In the evolution from business data to business information, each new step has built upon the previous one. For example, dynamic data access is critical for drill-through in data navigation applications, and the ability to store large databases is critical to data mining. From the user's point of view, the four steps listed in Table 1 were revolutionary because they allowed new business questions to be answered accurately and quickly.
An excellent article on The Foundations of Data Mining :http://www.thearling.com/text/dmwhite/dmwhite.htm
And a detailed index on Data mining: http://www.thearling.com/index.htm
What is difference between web mining and data mining?
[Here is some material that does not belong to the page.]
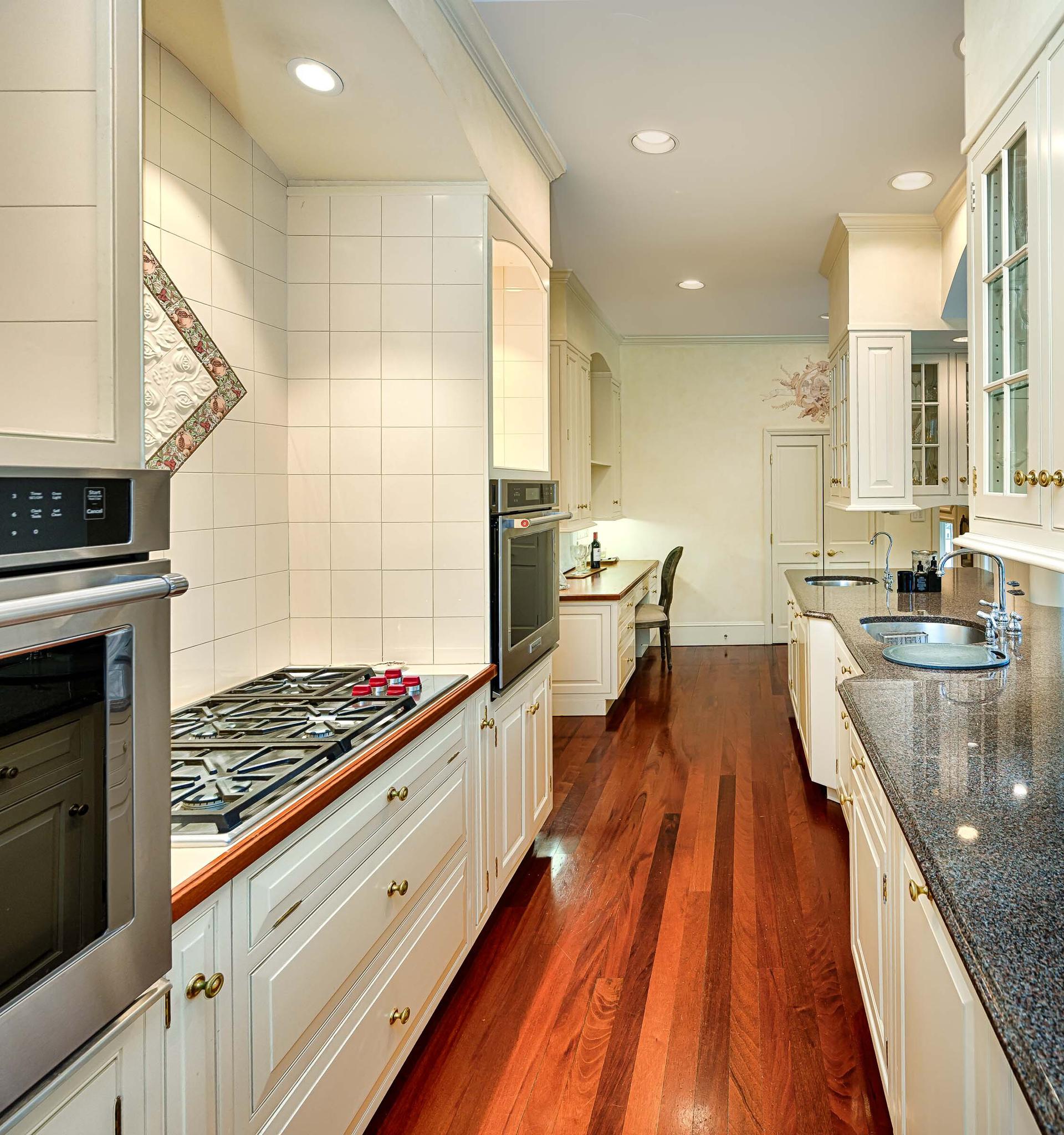 Chef’s kitchen with Wolf gas range, dual ovens, and dual dishwashers

Data mining involves using techniques to find underlying structure and relationships in large amounts of data. The term data mining originated from database marketing industry. Data mining products tend to fall into five categories: neural networks, knowledge discovery, data visualization, fuzzy query analysis and case-based reasoning. Some uses of data mining include cross-selling (analyzing patterns of products frequently purchased together), response modeling (predicting which customers are likely to purchase based on purchase history), and segmentation and profiling (understanding customer segments by profiling archetypal customers). Common applications include mass mailing/telemarketing, medical diagnosis, credit card fraud and computer intrusion detection.
Web mining involves the analysis of Web server logs of a Web site. The Web server logs contain the entire collection of requests made by a potential or current customer through their browser and responses by the Web server. The information in the logs varies depending on the log file format and option selected on the Web server. Analysis of the Web logs can be insightful for managing the corporate e- business on a short-term basis; the real value of this knowledge is obtained through integration of this resource with other customer touchpoint information. Common applications include Web site usability, path to purchase, dynamic content marketing, user profiling through behavior analysis and product affinities.